We have a sequence of events, where each event is a nested JSON object of predominantly categorical and ordinal key-value pairs
Each event has a name and there are 100 possible event names
Each event has a type and there can be 5 possible types
We have sequences of varying lengths some of them just 1 event long some of them 1000 events long
Events within a sequence can repeat
Sequences are available as data streams in a kafka topic and the rate can vary depending on the time of the day or day of the week
Problem-1
There are sequences being emitted to a kafka topic. The kafka consumer must process each sequence and determine if this sequence is similar to a sequence seen in the past one hour. The algorithm must also explain why it thinks that this sequence is similar to a sequence observed earlier.
Questions
Looks like a case of similarity match but not an exact match. But how do we mathematically define similarity for sequences with characteristics described above?

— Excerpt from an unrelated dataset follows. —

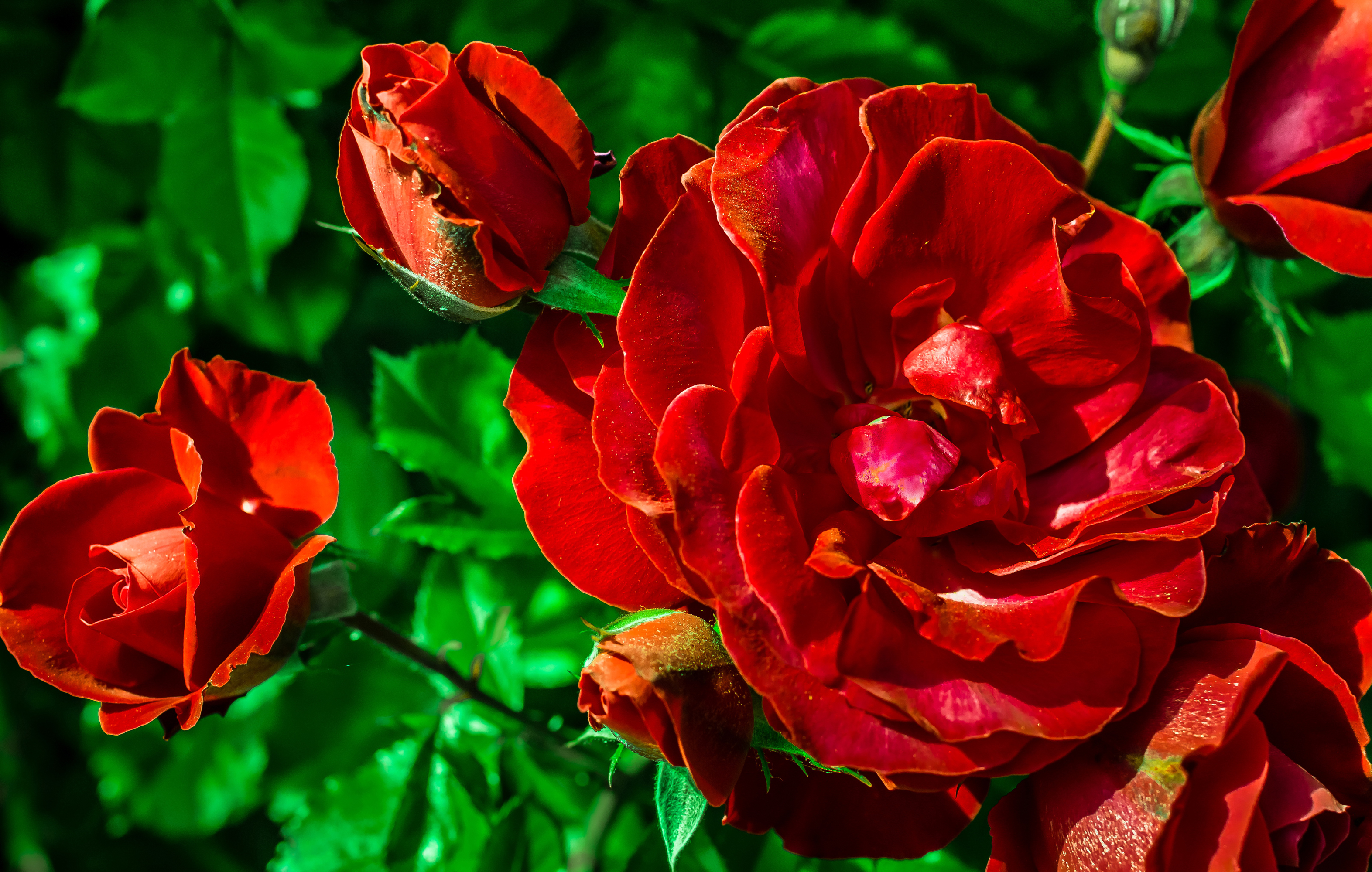Красивые красные розы с бутонами вблизи - 3145x2000

Once similarity is defined how do we computationally represent the same?
We need to find if the sequence occurred in the last one hour. But how do we store the last one hour data and in what form? How does the storage impact the similarity matching process?

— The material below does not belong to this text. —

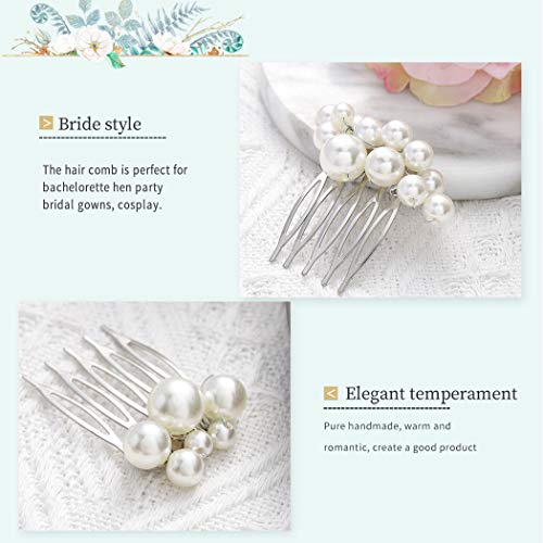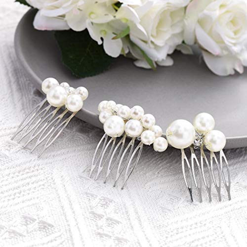 Mayelia Pearl Bride - Pettine per capelli da sposa in argento, accessorio per capelli da sposa per donne e ragazze (confezione da 3)

How do we build an explanation module for the sequence similarity problem that can scale to the data rate?
Problem-2
The kafka consumer stores sequences to a persistent store. On the hour, a cron job must run in order to group these sequences based on some similarity characteristic.
Questions
Looks like a clustering problem. What clustering algorithm can we use given the characteristics mentioned above?
Every hour new sequences seem to be added. This means the clustering job must progressively handle more and more data. How can we scale the clustering job? Will the clustering algorithm and the similarity function impact the solution?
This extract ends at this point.